The model shows acceptable calibration (ECE ≈ 0.089).  
In higher probability bins, observed frequency slightly exceeds predicted probability, indicating mild underestimation of elevated risk.

This conservative bias is preferable in operational settings where false alarms carry cost.

## Coefficient interpretation

Positive coefficients increase log-odds of elevated risk proxy.


In [None]:
logit_model = pipe.named_steps["model"]

coef_df = pd.DataFrame({
    "feature": features,
    "coef": logit_model.coef_[0],
    "odds_ratio": np.exp(logit_model.coef_[0])
})

coef_df["abs_coef"] = coef_df["coef"].abs()
coef_df = coef_df.sort_values("abs_coef", ascending=False)

coef_df


In [None]:
cap = 0.10
thr = float(np.quantile(pipe.predict_proba(X_train)[:,1], 1-cap))
y_pred = (y_proba >= thr).astype(int)

from sklearn.metrics import precision_score, recall_score, f1_score
print("Threshold (train quantile @10%):", thr)
print("Test alert rate:", y_pred.mean())
print("Precision:", precision_score(y_test, y_pred, zero_division=0))
print("Recall:", recall_score(y_test, y_pred, zero_division=0))
print("F1:", f1_score(y_test, y_pred, zero_division=0))

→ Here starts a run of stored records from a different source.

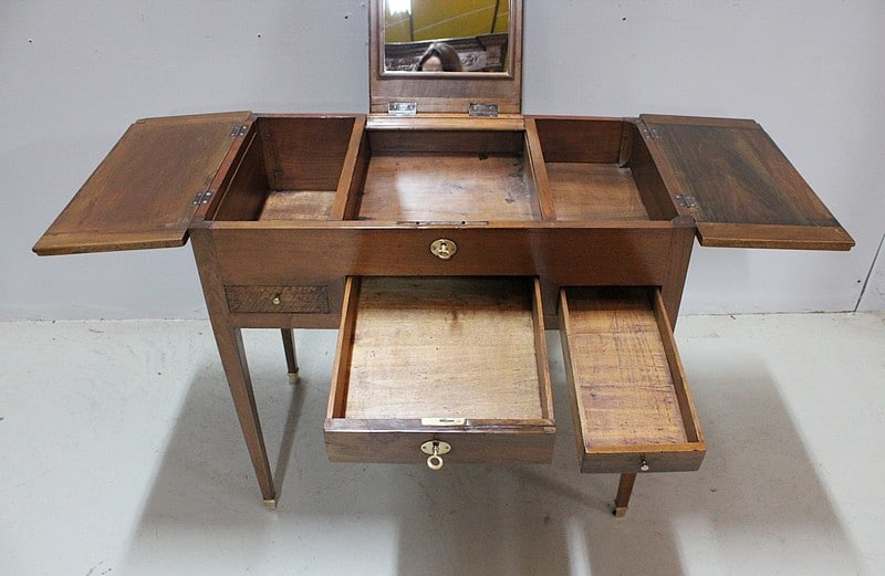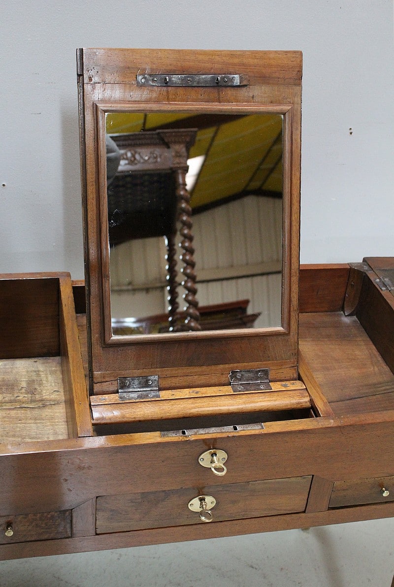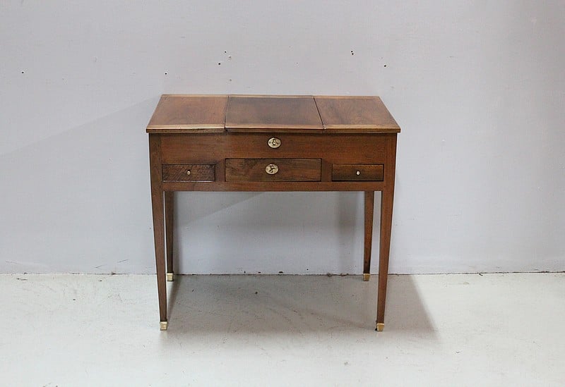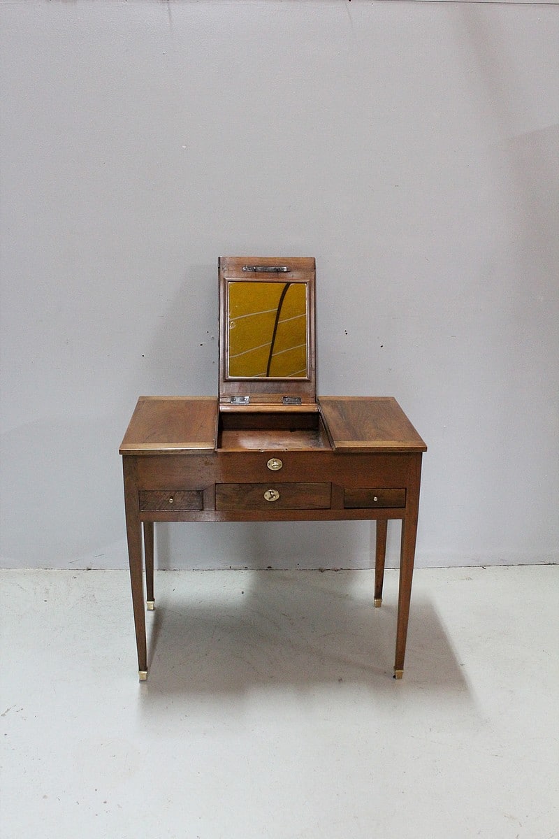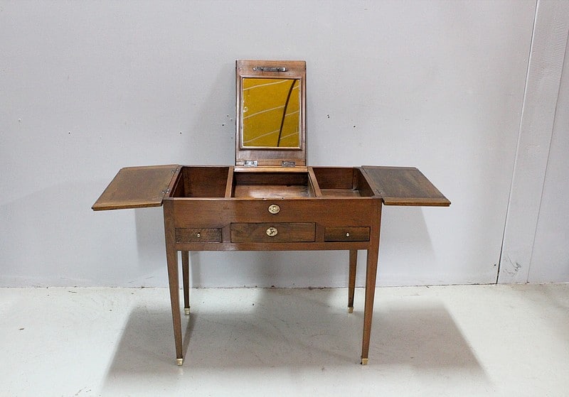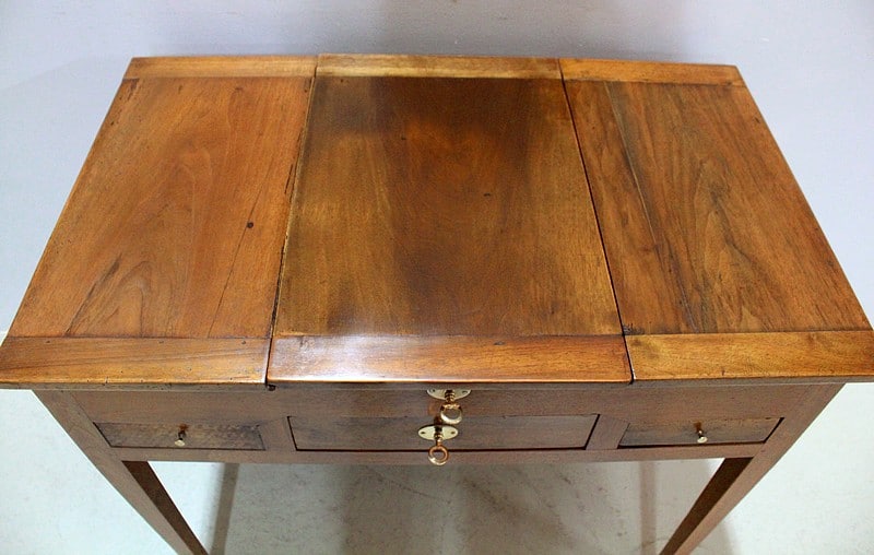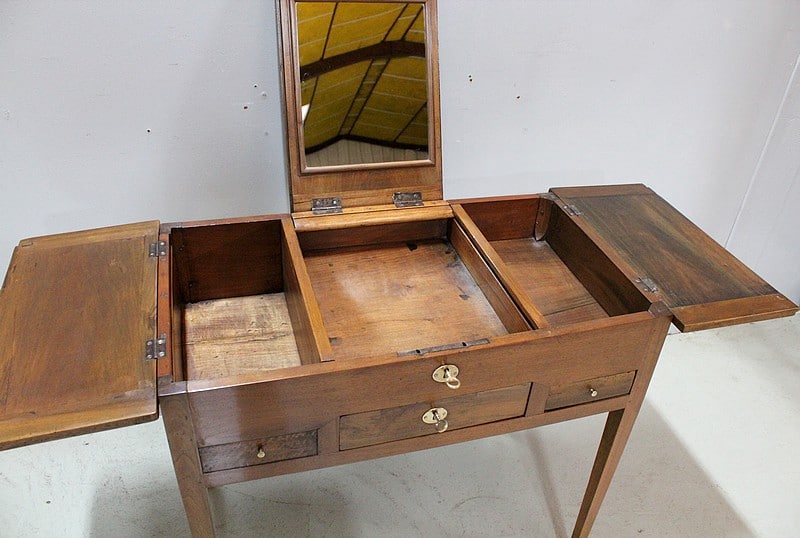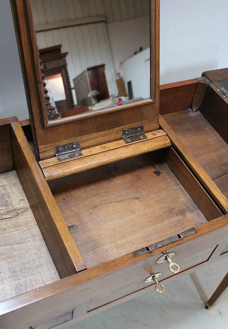 Coiffeuse Directoire en Noyer blond massif.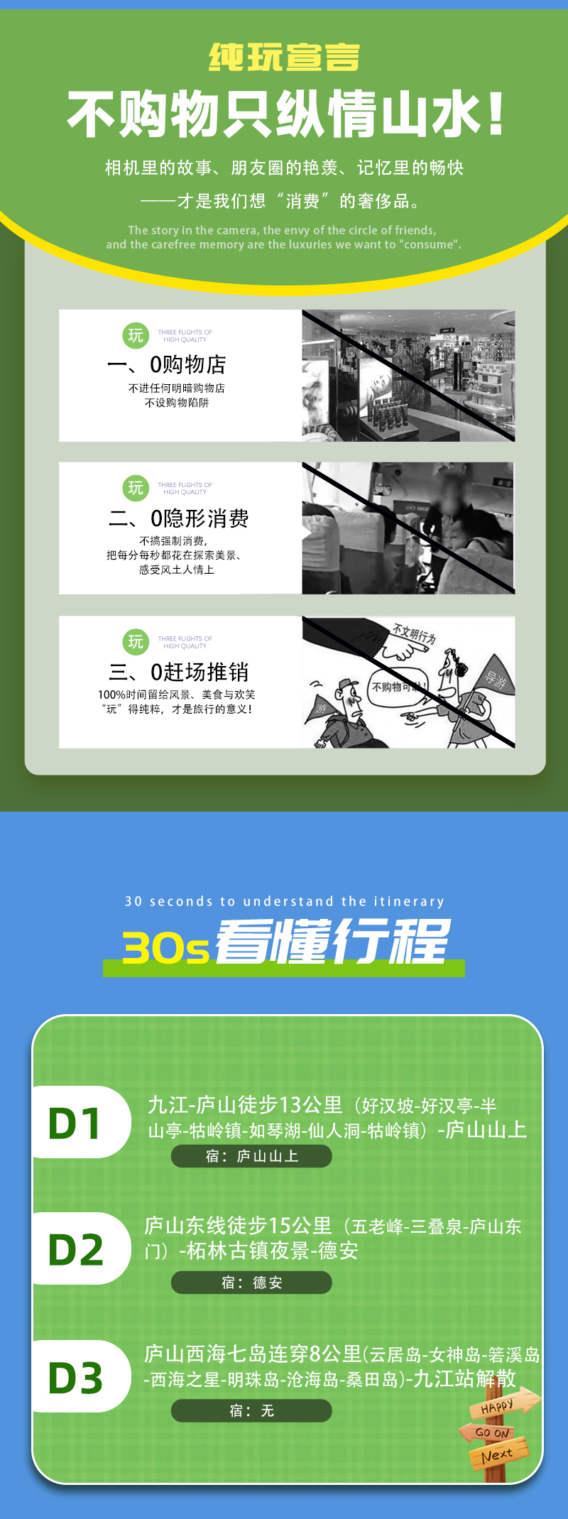3)多日活动(N日)以活动前N+2日12:00为准,之前退出可申请退费、改期或改线路(差价多退少补),之后退出请恕费用不退;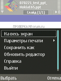 Встроенный RealPlayer понимает только MPEG4 и 3GP, "виндовский" формат WMV телефон игнорирует. Зато есть перемотка вперед/назад (навигационная кнопка вверх/вниз), и полноэкранный режим (на самом деле картинка занимает не весь экран, а процентов 90%, ориентирована она при этом альбомно, то есть, телефон надо держать горизонтально). При входящем звонке воспроизведение ставится на паузу, после разговора вы можете продолжить просмотр. Процессор ARM9 тянет видео вполне сносно: откровенных "тормозов" нет. |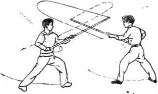 乙当甲独立,以棍头向头顶抡劈时,速左足后撤,贴右 足根而下跪。同时双手握棍上举,以棍身横架甲之棍头(图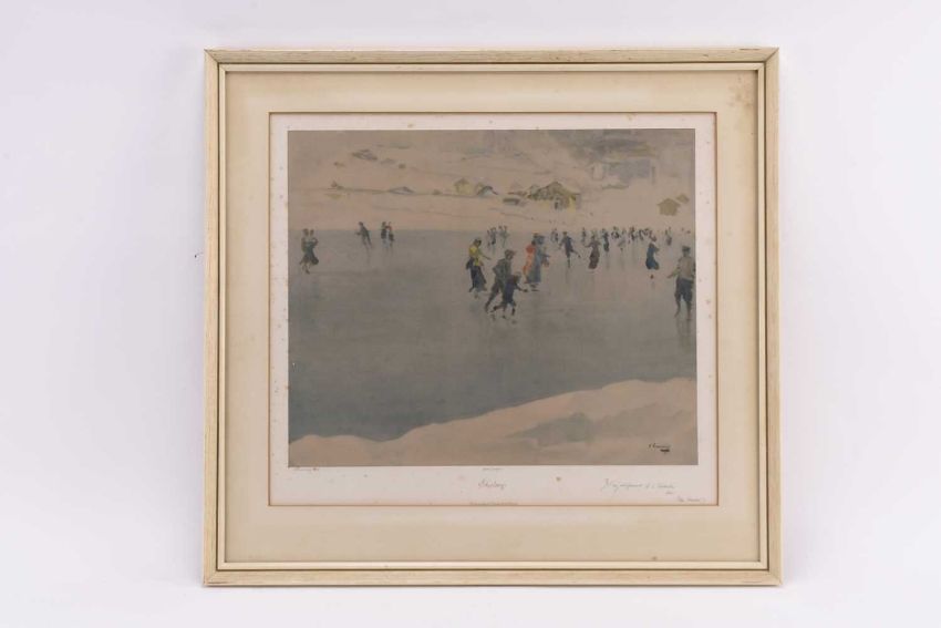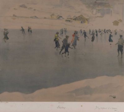 John Lavery (1856-1941) Skating, signed and inscribed in pencil lower right, print in colours, 36 x 44 cm, frame 57 x 61 cm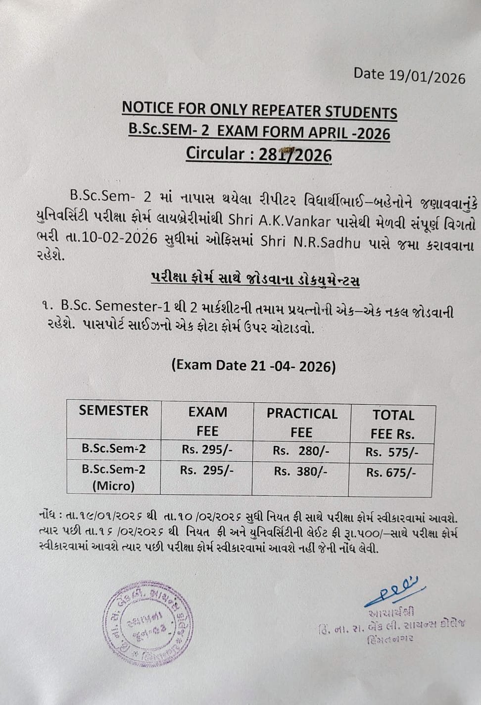 It is an affiliated college under Hemchandracharya North Gujarat University, offering undergraduate and postgraduate programs in science.

## Positioning within the project

This notebook establishes the baseline modelling layer.

Subsequent notebooks extend this foundation:

- Notebook 03 → Model comparison
- Notebook 04 → Operational thresholding
- Notebook 05 → Rolling deployment validation

The baseline selected for operational use is Logistic Regression,
due to its interpretability and stable calibration behaviour.

## Feature engineering rationale

Workload features were expanded to include:

- Rolling standard deviations
- Short vs medium-term deltas
- Season cumulative load
- Season momentum relative to baseline

The objective was to capture:

1. Acute workload shocks
2. Chronic load accumulation
3. Structural season fatigue
4. Load volatility

Rolling validation confirmed that interaction ratios
provide incremental predictive signal.

Feature expansion improved overall ROC-AUC stability
compared to the initial baseline specification.